Example 44: The interphalangeal joint fusion system according to any example herein, particularly examples 1-43, further including a rescue dowel comprising: a tubular body defining a central lumen extending therethrough, the tubular body having a proximal end defining a proximal end opening extending to the central lumen and a distal end defining a distal end opening extending to the central lumen.
Example 45: The interphalangeal joint fusion system according to any example herein, particularly examples 35-44, wherein the proximal end and distal end are sized and configured to frictionally engage with the hole cutout region.
Example 46: The interphalangeal joint fusion system according to any example herein, particularly examples 44-45, wherein the tubular body further defines a plurality of axial slots arranged circumferentially about the tubular body and extending toward the central lumen.
Example 47: The interphalangeal joint fusion system according to any example herein, particularly example 46, wherein the plurality of axial slots are spaced evenly about a circumference of the tubular body.
Example 48: The interphalangeal joint fusion system according to any example herein, particularly examples 44-47, wherein the central lumen of the rescue dowel is sized and configured to receive a guide pin.
Example 49: The interphalangeal joint fusion system according to any example herein, particularly examples 1-48, further including a guide pin sized and configured to extend from and frictionally engage with a distal bone of a joint through at least a portion of a proximal bone of the joint, wherein the guide pin is further sized and configured to be received within the central lumen of the peg reamer and the central lumen of the hole reamer.
Example 50: The interphalangeal joint fusion system according to any example herein, particularly example 49, wherein the guide pin is sized and configured to be received within the central lumen of the rescue dowel.
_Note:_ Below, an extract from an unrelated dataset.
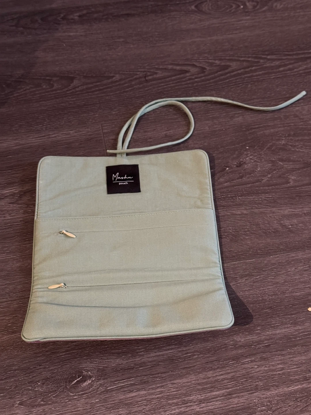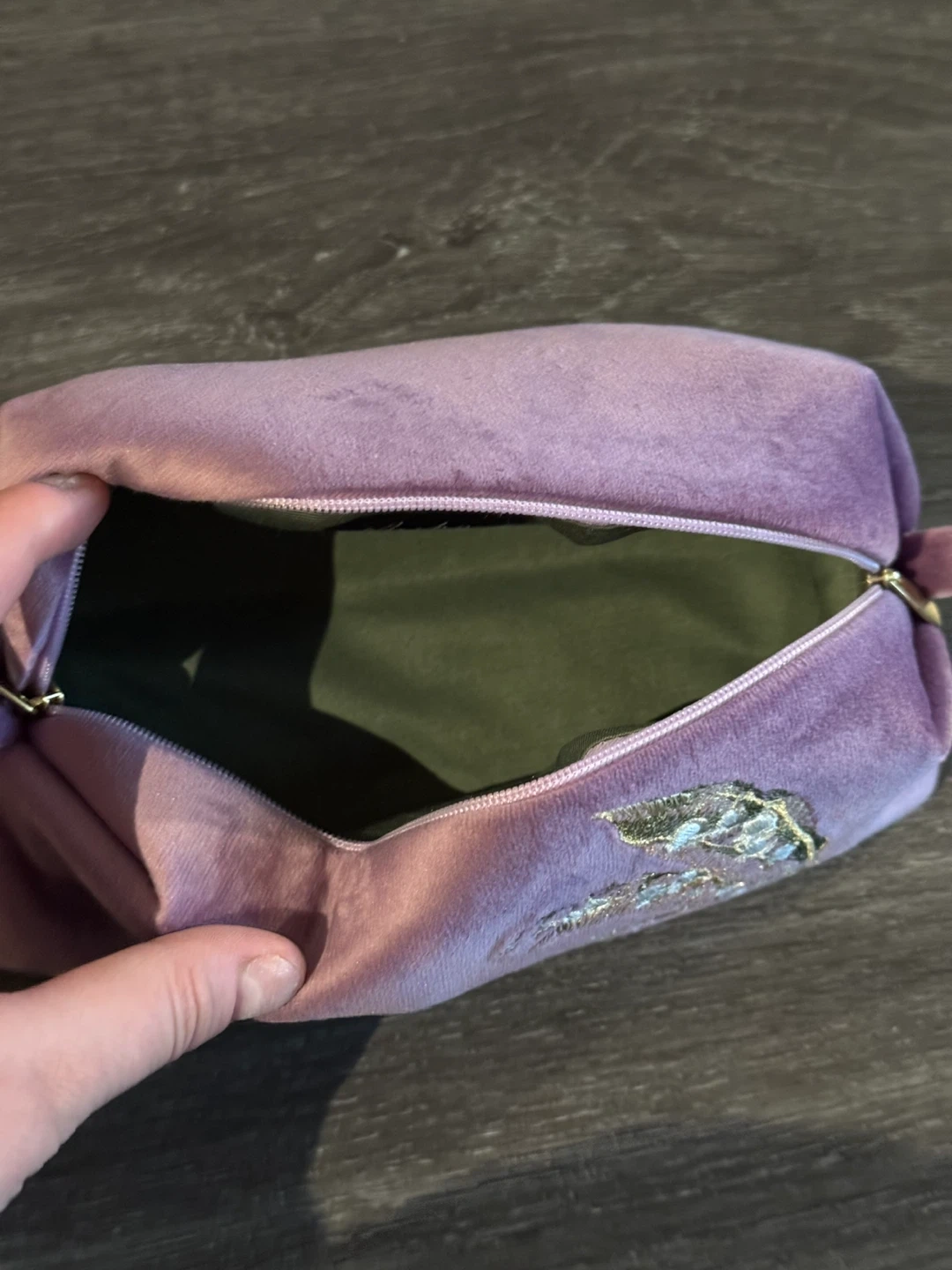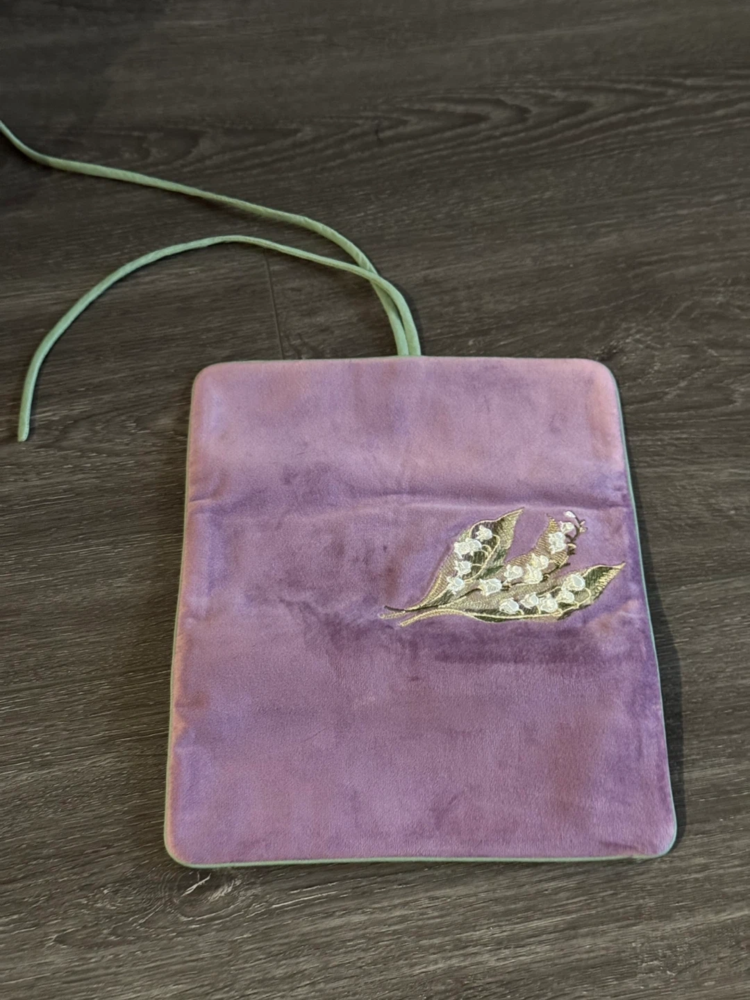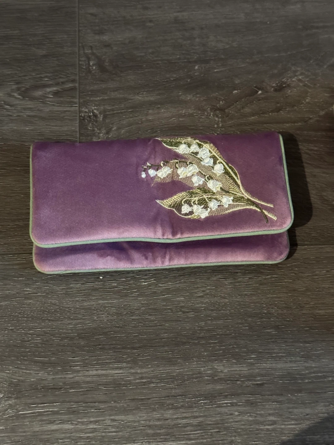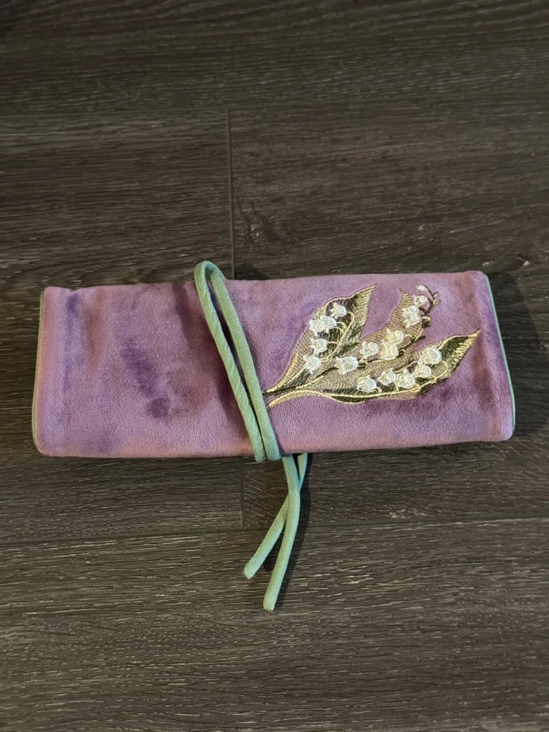 This Masha pouch features a soft velvet exterior in a lovely purple hue, adorned with delicate lily of the valley embroidery. It fastens with a tie closure and has multiple interior pockets with zippers for organization. It's a stylish and functional accessory for essentials!

Example 51: A kit for the surgical treatment of deformity of the interphalangeal joints, the kit comprising: a counter-rotation ring comprising an annular body including a proximal spike extending axially from a proximal surface of the annular body and a distal spike extending axially from a distal surface of the annular body; a peg reamer comprising: a cannulated shaft defining a central lumen extending therethrough; a cutting end provided at a first end of the cannulated shaft, the cutting end including a plurality of cutting arms extending from the cannulated shaft, each of the plurality of cutting arms includes a cutting edge extending along an inner surface of the corresponding cutting arm; and a locking end provided at an opposing second send of the cannulated shaft from the cutting end; a hole reamer comprising: a cannulated shaft defining a central lumen extending therethrough; a cutting end provided at a first end of the cannulated shaft, the cutting end including a plurality of cutting edges extending along an outer surface of the cutting end, and a counterbore offset a distance from a distal end of the cutting end; and a locking end provided at an opposing second end of the cannulated shaft from the cutting end.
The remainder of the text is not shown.